◆ EXERCISE DETAILS ◆
Reproduce the entries word for word but drop every picture.

◆ DATA FOR REVIEW ◆

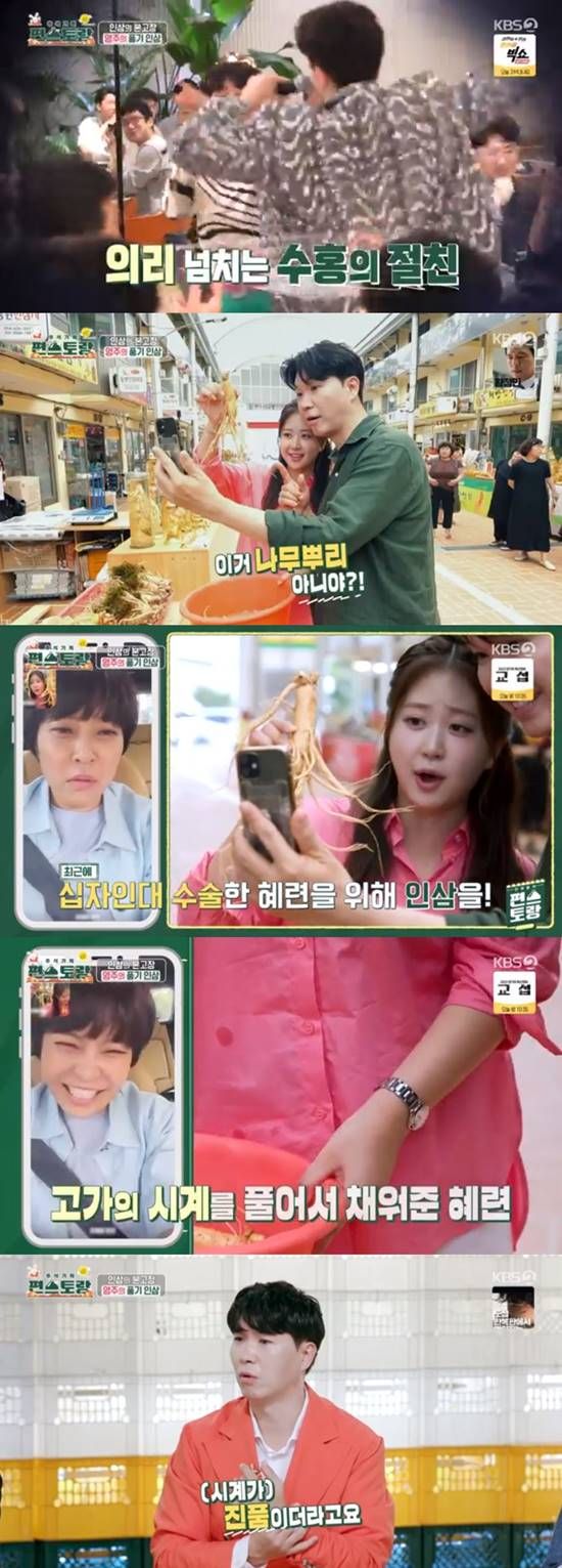 이어 김다예는 "최근에 수술도 하셨고 몸보신도 하셔야 하니까"라며 인삼을 선물해 주고 싶은 의사를 표했다. 조혜련은 "영주까지 갔는데 나를 생각한다는 게 감동이다"라며 되려 고마워했다.
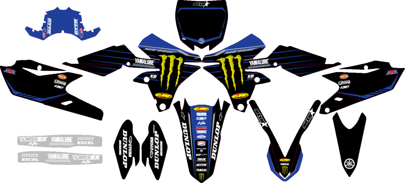 Includes decals for radiator shrouds, tank, number plate, airbox, lower fork guards, front fender, rear fender and swingarmSpecs
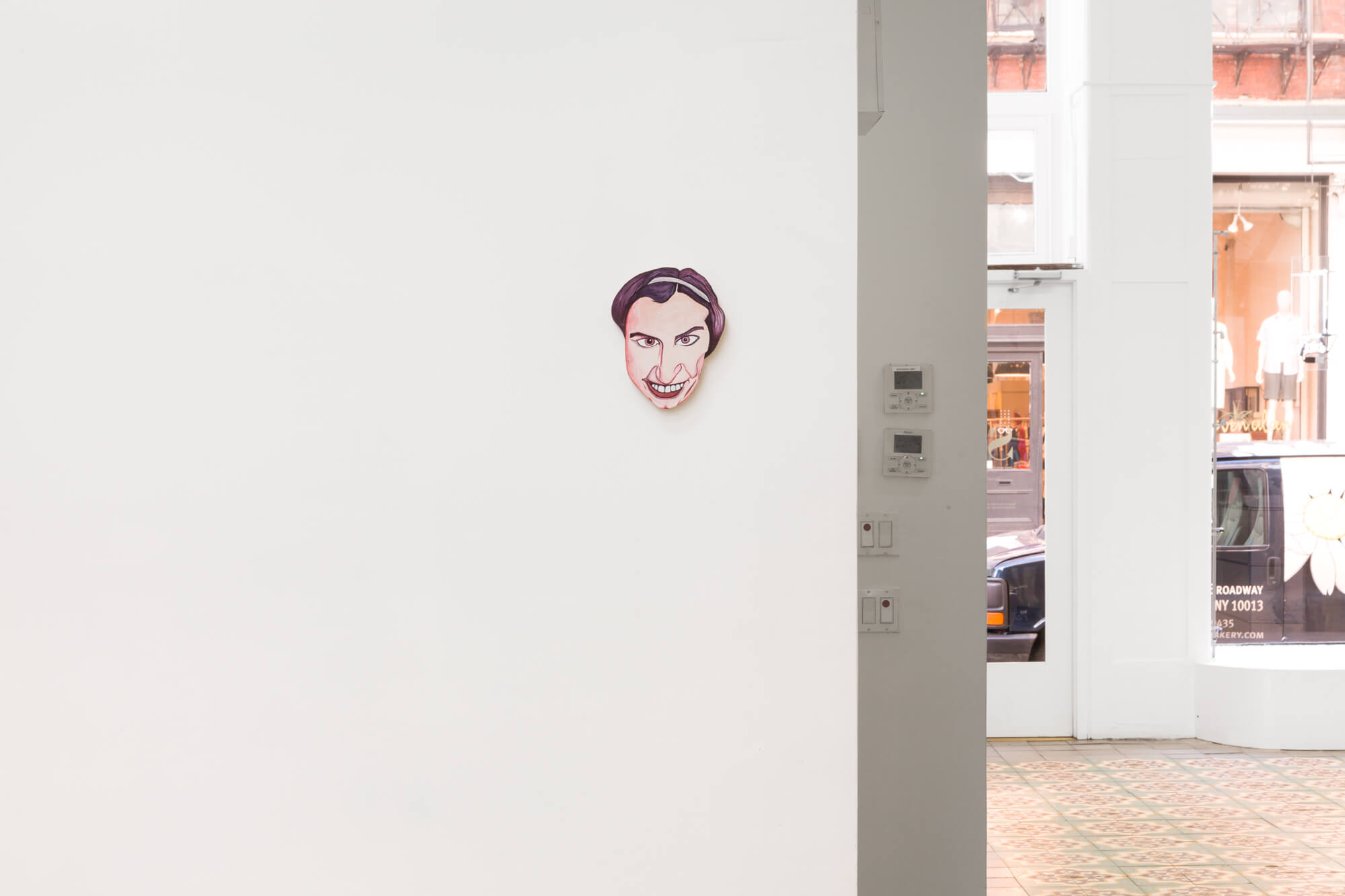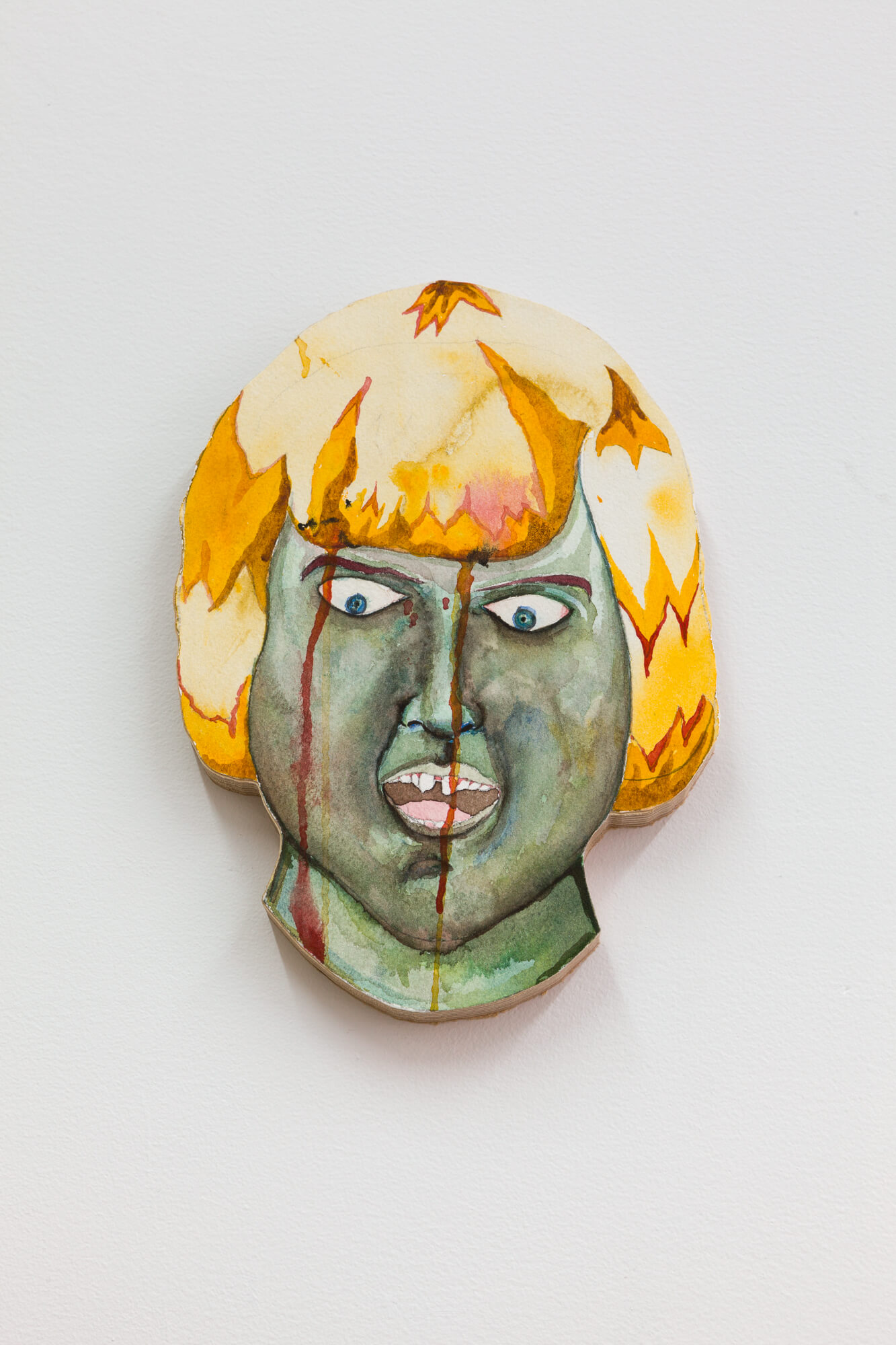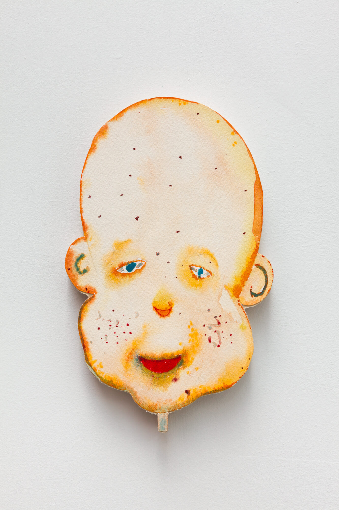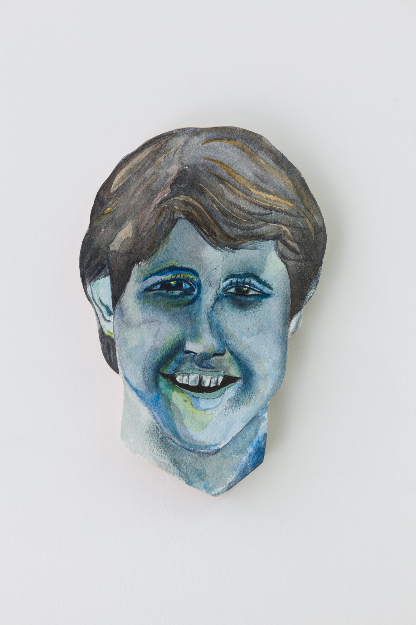 Populating the gallery, there are also a number of masklike watercolor paintings of real and imagined faces by Calame, which are paired with contributions by artists Hugo Baud and Alan Schmalz. These are accompanied by the latest of Calame’s motorized sculptures, an authoritative figure who surveys the space, wildly jerking its head – conveying a looming sense of political horror.
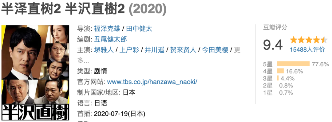 如此来看,《半泽直树2》无论是对于亚洲影迷的情怀交代,还是对亚洲社畜们的情感寄托,以及对日本TBS电视台的收视率的保证,等等方面,这七年的等待或许非常值得。
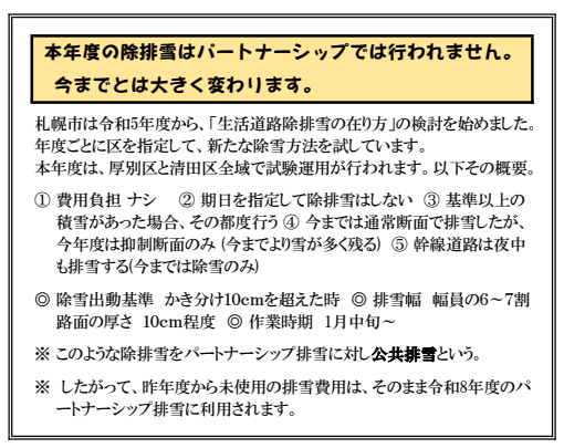今冬に実施する生活道路排雪日程
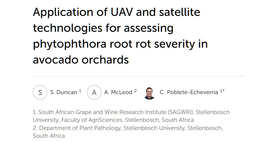 Duncan S, McLeod A and Poblete-Echeverria C (2024) Application of UAV and satellite technologies for assessing phytophthora root rot severity in avocado orchards. Front. Agron. 6:1419479. doi: 10.3389/fagro.2024.1419479
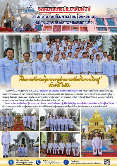 โดยนายประกอบ โพธิ์ราม ผู้อำนวยการสำนักงาน กศน.จังหวัดเลย ปฏิบัติหน้าที่ผู้อำนวยการสำนักงานส่งเสริมการเรียนรู้จังหวัดเลย เข้าร่วมขบวนแห่องค์พระกฐินพระราชทาน พร้อมพิธีถวายผ้ากฐินพระราชทานในครั้งนี้ ณ วัดแก้วโกรวาราม อำเภอเมืองกระบี่ จังหวัดกระบี่
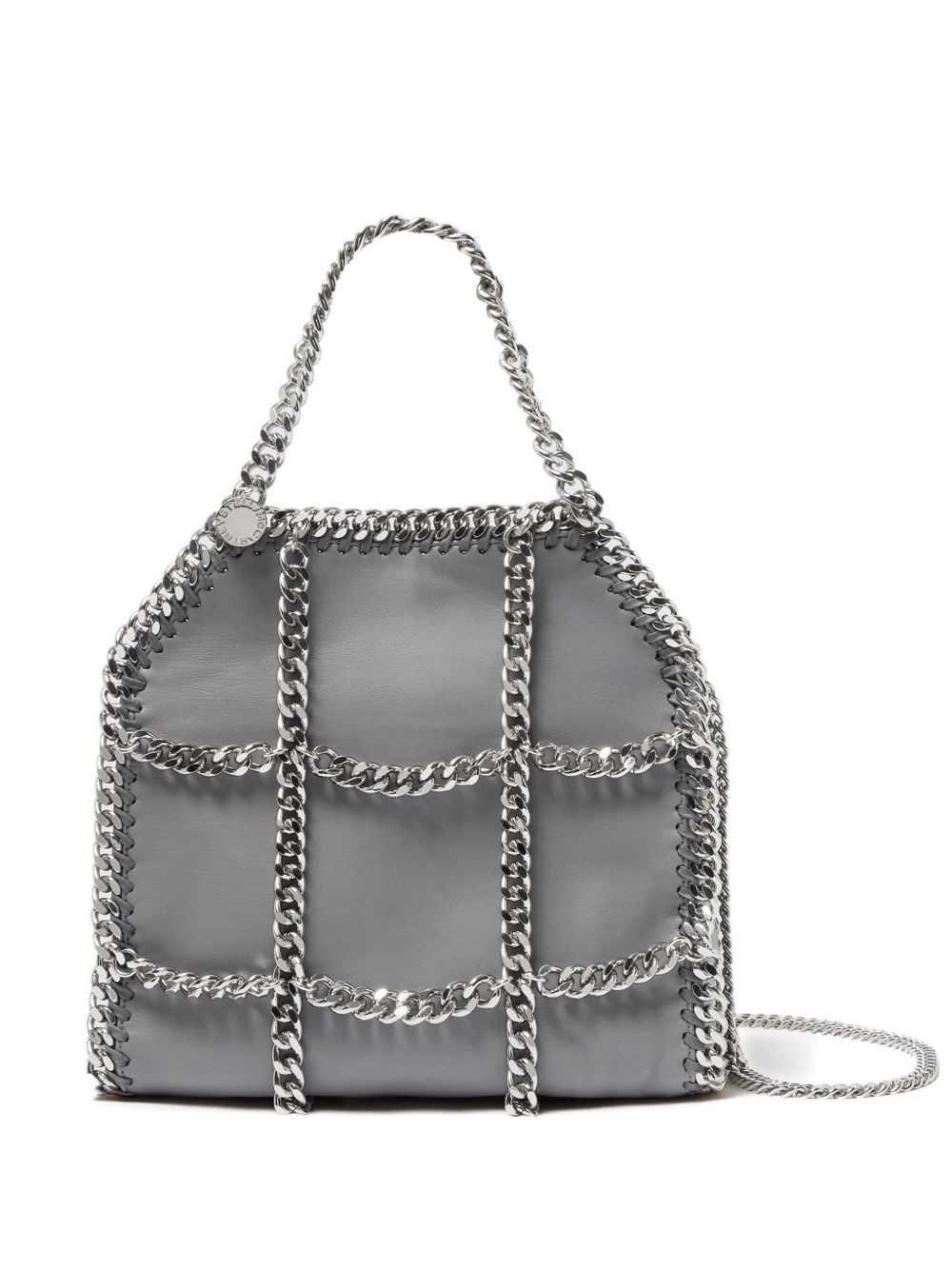Falabella Chain Cage tote bag Highlights - Medium grey - Magnetic fastening - Two chain-link top handles - Chain-link shoulder strap - This is a limited edition piece. Made in Italy Composition Outer: Polyester 100% SIZE & FIT Measurement DEPTH 3.9 in(9.9 cm) HEIGHT 10.4 in(26.4 cm) WIDTH 9.3 in(23.6 cm)
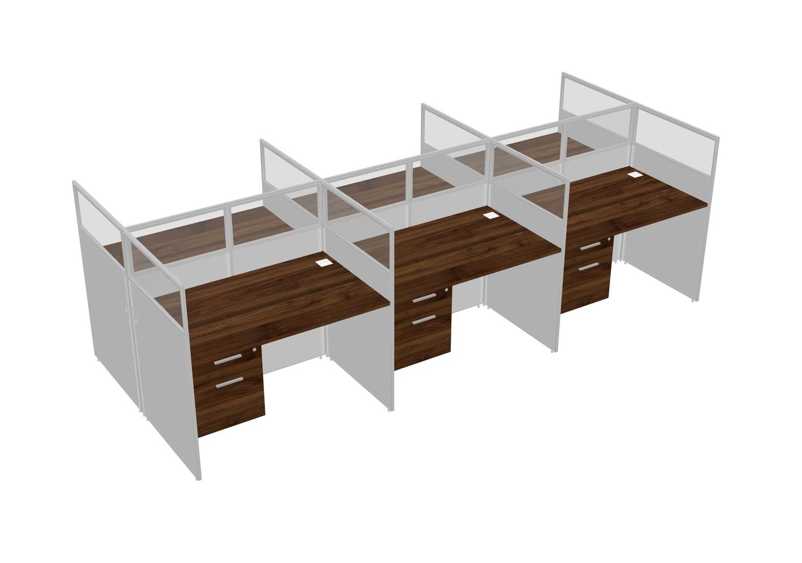Columbia Walnut Shared Rectangular Office Cubicle Panel System With Hanging Drawers For 6 Persons
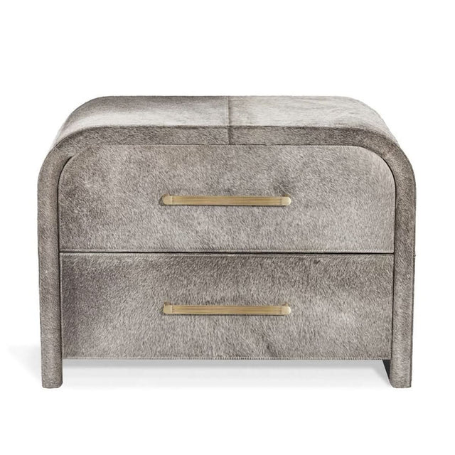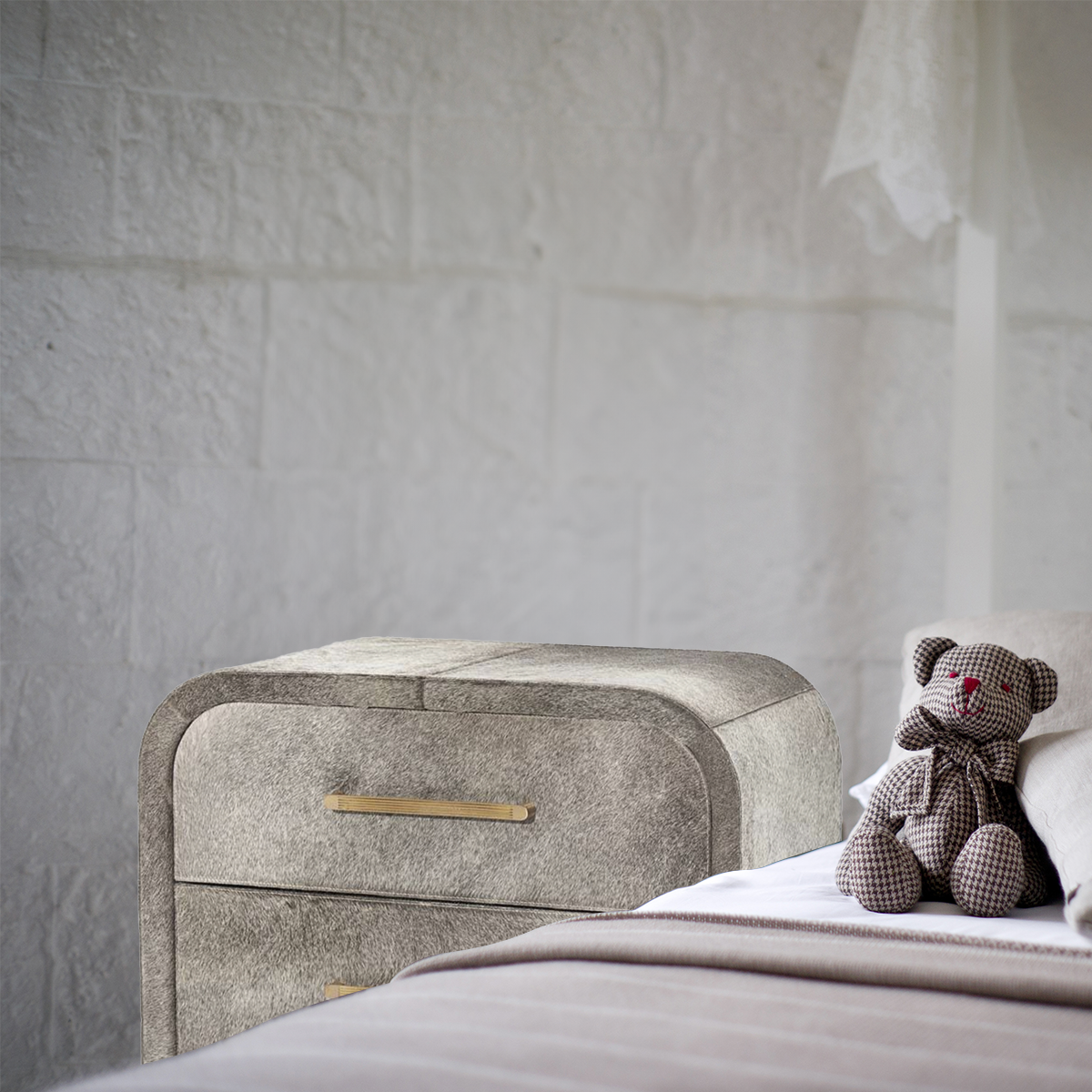La cómoda cuenta con dos cajones espaciosos, cada uno equipado con tiradores elegantes y minimalistas que resaltan la belleza natural de la piel. Estos cajones brindan un amplio espacio para mantener los artículos esenciales al alcance de la mano y, al mismo tiempo, ordenados, lo que ayuda a mantener un ambiente de dormitorio tranquilo y ordenado.

◆ SOLUTION TO THE PROBLEM ◆
 이어 김다예는 "최근에 수술도 하셨고 몸보신도 하셔야 하니까"라며 인삼을 선물해 주고 싶은 의사를 표했다. 조혜련은 "영주까지 갔는데 나를 생각한다는 게 감동이다"라며 되려 고마워했다.
 Includes decals for radiator shrouds, tank, number plate, airbox, lower fork guards, front fender, rear fender and swingarmSpecs
 Populating the gallery, there are also a number of masklike watercolor paintings of real and imagined faces by Calame, which are paired with contributions by artists Hugo Baud and Alan Schmalz. These are accompanied by the latest of Calame’s motorized sculptures, an authoritative figure who surveys the space, wildly jerking its head – conveying a looming sense of political horror.
 如此来看,《半泽直树2》无论是对于亚洲影迷的情怀交代,还是对亚洲社畜们的情感寄托,以及对日本TBS电视台的收视率的保证,等等方面,这七年的等待或许非常值得。
今冬に実施する生活道路排雪日程
 Duncan S, McLeod A and Poblete-Echeverria C (2024) Application of UAV and satellite technologies for assessing phytophthora root rot severity in avocado orchards. Front. Agron. 6:1419479. doi: 10.3389/fagro.2024.1419479
 โดยนายประกอบ โพธิ์ราม ผู้อำนวยการสำนักงาน กศน.จังหวัดเลย ปฏิบัติหน้าที่ผู้อำนวยการสำนักงานส่งเสริมการเรียนรู้จังหวัดเลย เข้าร่วมขบวนแห่องค์พระกฐินพระราชทาน พร้อมพิธีถวายผ้ากฐินพระราชทานในครั้งนี้ ณ วัดแก้วโกรวาราม อำเภอเมืองกระบี่ จังหวัดกระบี่
Falabella Chain Cage tote bag Highlights - Medium grey - Magnetic fastening - Two chain-link top handles - Chain-link shoulder strap - This is a limited edition piece. Made in Italy Composition Outer: Polyester 100% SIZE & FIT Measurement DEPTH 3.9 in(9.9 cm) HEIGHT 10.4 in(26.4 cm) WIDTH 9.3 in(23.6 cm)
Columbia Walnut Shared Rectangular Office Cubicle Panel System With Hanging Drawers For 6 Persons
La cómoda cuenta con dos cajones espaciosos, cada uno equipado con tiradores elegantes y minimalistas que resaltan la belleza natural de la piel. Estos cajones brindan un amplio espacio para mantener los artículos esenciales al alcance de la mano y, al mismo tiempo, ordenados, lo que ayuda a mantener un ambiente de dormitorio tranquilo y ordenado.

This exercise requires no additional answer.